WHAT YOU WILL DO =
From the material that follows, count the lines with the word "empleo" in them. Reply with the number only.

• • • • • • •

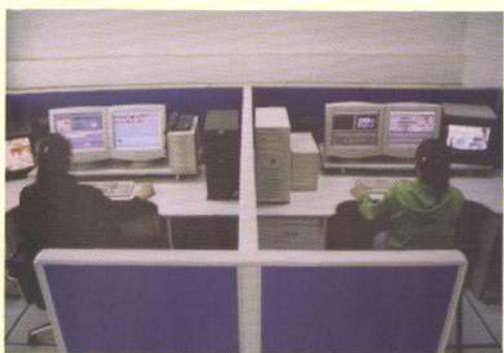
电视节目非线性编辑室
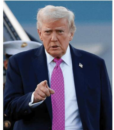
Inihayag ni US President Donald Trump na malapit ng matapos ang digmaan sa Iran, subalit hindi pa ito ngayong linggo.

Itinalaga ng Iran si Mojtaba Khamenei bilang kanilang bagong supreme leader. Siya ang anak ng napaslang na si Ayatollah Ali Khamenei. Pinili siya ng Assembly of Experts ng Iran na binubuo ng 88-member body ng elected senior cleric na ang trabaho ay pumili ng supreme leader. Huling pumili ang assembly noong itinatag ang Islamic Republic noong 1979. Napili noon si Ali Khamenei matapos ang pagpanaw ni Ayatollah Ruhollah Khomeini ng mahigit tatlong dekada. Una ng sinabi ni US President Donald Trump na hindi rin magtatagal ang mapipiling bagong supreme leader ng Iran. Magugunitang nasawi si
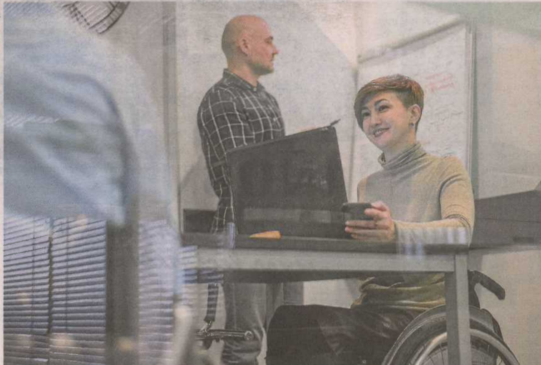
Los universitarios con discapacidad tienen a su disposición ofertas de empleo y una bolsa de trabajo.

Los universitarios con discapacidad tienen a su disposición la web del proyecto, en la que, además de acceder directamente a diversas ofertas de empleo, pueden dejar sus datos para inscribirse en la bolsa de trabajo de Inserta Empleo. Esta iniciativa se enmarca en los programas operativos de Inclusión Social y de la Economía So-
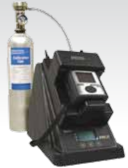
DS2 自动标定管理平台
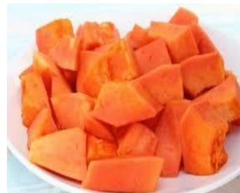
Gambar 7. Pepaya Kalifornia Setelah Dikupas dan Dipotong Dadu
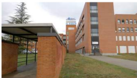
Hospital del Bierzo.

El próximo viernes, 28 de octubre, se celebrará en el Hospital El Bierzo la XII Jornada de Cuidados de Enfermería Gacela Care de Castilla y León
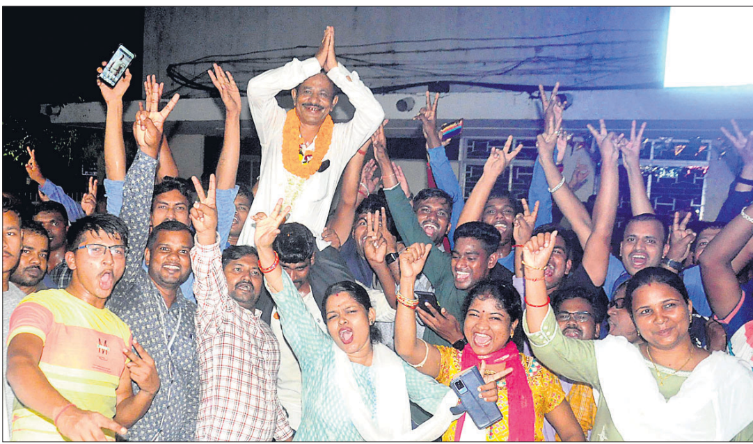
ପୁଖ୍ୟମନ୍ତ୍ରୀ ନବୀନ ପଟ୍ଟନାୟକ ବୁଦ୍ଧିଭିତ୍ତିକ ନିୟୁତ୍ତ ଉଚ୍ଛେଦ ଘୋଷଣା କରିବା ପରେ ଶନିବାର ଭୁବନେଶ୍ୱରର ଟାଲିଆରେ ଠିକା କର୍ମଚାରୀମାନେ ଉତ୍ସବ ମନାଉଛନ୍ତି।

ପାଇଁ ଏହା ଆଶୁଆ ଦାପାବଳି। ପୁଖ୍ୟମନ୍ତ୍ରୀ କହିଛନ୍ତି ଯେ ୨୦୦୦ ମସିହାରେ ଯେ ଓଡ଼ିଶାର ସେବା କରିବାର ସୁଯୋଗ ପାଇବାବେଳେ ମହାବାତ୍ୟା ପରର ଛୁଟି ଓ ଦୁର୍ଭିକ୍ଷ ଆର୍ଥିକ ବ୍ୟବସ୍ଥା ତାଙ୍କ ପାଇଁ ସବୁରୁ ବଡ଼ ଚ୍ୟାଲେଞ୍ଜ ଥିଲା। ରାଜ୍ୟ ଓଡ଼ିଶା ଗ୍ରାମ୍ୟରେ ଚାଲୁଥିଲା। ନିତିଦିନ ଖର୍ଚ୍ଚ ପାଇଁ ସରକାରଙ୍କୁ ବିକଳ ବ୍ୟାଙ୍କ ଉପରେ ନିର୍ଭର କରିବାକୁ ପଡୁଥିଲା। ଏହି ସମୟ ସେତେବେଳେ ଓଡ଼ିଶା ଅର୍ଥନୀତି ପାଇଁ କଳା ସମୟ ଥିଲା। ସୀମିତ ସମ୍ବଳ ଭିତରେ ରାଜ୍ୟର ବିକାଶ କରିବା ସବୁରୁ ବଡ଼ ପ୍ରାଥମିକତା ଥିଲା। ସେତେବେଳେ ନିୟୁତ୍ତ ୧୦୭

• • • • • • •

ANSWER TO THE EXERCISE =
2